#### TASK OBJECTIVE:
Transcribe the records that follow, preserving every word.

----------

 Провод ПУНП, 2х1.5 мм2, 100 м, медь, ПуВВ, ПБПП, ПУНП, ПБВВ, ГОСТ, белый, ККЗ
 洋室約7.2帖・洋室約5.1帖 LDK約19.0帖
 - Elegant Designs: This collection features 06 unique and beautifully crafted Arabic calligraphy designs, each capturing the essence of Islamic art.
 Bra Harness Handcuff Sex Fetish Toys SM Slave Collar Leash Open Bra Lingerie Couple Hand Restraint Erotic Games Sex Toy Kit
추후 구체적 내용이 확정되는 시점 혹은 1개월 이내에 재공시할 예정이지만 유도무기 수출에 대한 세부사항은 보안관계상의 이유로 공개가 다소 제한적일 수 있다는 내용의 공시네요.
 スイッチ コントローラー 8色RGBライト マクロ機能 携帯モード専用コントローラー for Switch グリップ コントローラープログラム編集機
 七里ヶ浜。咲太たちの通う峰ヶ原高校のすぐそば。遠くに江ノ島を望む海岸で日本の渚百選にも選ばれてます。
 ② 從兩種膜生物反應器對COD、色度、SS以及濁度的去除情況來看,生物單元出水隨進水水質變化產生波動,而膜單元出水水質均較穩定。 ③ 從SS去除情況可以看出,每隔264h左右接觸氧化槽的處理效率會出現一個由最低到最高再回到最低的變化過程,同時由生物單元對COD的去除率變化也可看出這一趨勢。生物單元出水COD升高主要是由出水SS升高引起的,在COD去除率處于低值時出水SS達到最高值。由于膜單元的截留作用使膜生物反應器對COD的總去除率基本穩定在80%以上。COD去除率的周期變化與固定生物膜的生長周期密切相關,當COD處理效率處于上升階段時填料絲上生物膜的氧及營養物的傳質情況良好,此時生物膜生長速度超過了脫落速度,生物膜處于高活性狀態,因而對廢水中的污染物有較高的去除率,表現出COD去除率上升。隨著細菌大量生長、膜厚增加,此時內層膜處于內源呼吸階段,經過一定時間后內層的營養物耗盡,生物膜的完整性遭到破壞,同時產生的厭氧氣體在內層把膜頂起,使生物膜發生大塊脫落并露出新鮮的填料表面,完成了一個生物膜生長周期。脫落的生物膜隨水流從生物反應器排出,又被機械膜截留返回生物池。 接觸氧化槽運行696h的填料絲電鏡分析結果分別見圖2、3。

----------

#### SOLVED PROBLEM:
 Провод ПУНП, 2х1.5 мм2, 100 м, медь, ПуВВ, ПБПП, ПУНП, ПБВВ, ГОСТ, белый, ККЗ
 洋室約7.2帖・洋室約5.1帖 LDK約19.0帖
 - Elegant Designs: This collection features 06 unique and beautifully crafted Arabic calligraphy designs, each capturing the essence of Islamic art.
 Bra Harness Handcuff Sex Fetish Toys SM Slave Collar Leash Open Bra Lingerie Couple Hand Restraint Erotic Games Sex Toy Kit
추후 구체적 내용이 확정되는 시점 혹은 1개월 이내에 재공시할 예정이지만 유도무기 수출에 대한 세부사항은 보안관계상의 이유로 공개가 다소 제한적일 수 있다는 내용의 공시네요.
 スイッチ コントローラー 8色RGBライト マクロ機能 携帯モード専用コントローラー for Switch グリップ コントローラープログラム編集機
 七里ヶ浜。咲太たちの通う峰ヶ原高校のすぐそば。遠くに江ノ島を望む海岸で日本の渚百選にも選ばれてます。
 ② 從兩種膜生物反應器對COD、色度、SS以及濁度的去除情況來看,生物單元出水隨進水水質變化產生波動,而膜單元出水水質均較穩定。 ③ 從SS去除情況可以看出,每隔264h左右接觸氧化槽的處理效率會出現一個由最低到最高再回到最低的變化過程,同時由生物單元對COD的去除率變化也可看出這一趨勢。生物單元出水COD升高主要是由出水SS升高引起的,在COD去除率處于低值時出水SS達到最高值。由于膜單元的截留作用使膜生物反應器對COD的總去除率基本穩定在80%以上。COD去除率的周期變化與固定生物膜的生長周期密切相關,當COD處理效率處于上升階段時填料絲上生物膜的氧及營養物的傳質情況良好,此時生物膜生長速度超過了脫落速度,生物膜處于高活性狀態,因而對廢水中的污染物有較高的去除率,表現出COD去除率上升。隨著細菌大量生長、膜厚增加,此時內層膜處于內源呼吸階段,經過一定時間后內層的營養物耗盡,生物膜的完整性遭到破壞,同時產生的厭氧氣體在內層把膜頂起,使生物膜發生大塊脫落并露出新鮮的填料表面,完成了一個生物膜生長周期。脫落的生物膜隨水流從生物反應器排出,又被機械膜截留返回生物池。 接觸氧化槽運行696h的填料絲電鏡分析結果分別見圖2、3。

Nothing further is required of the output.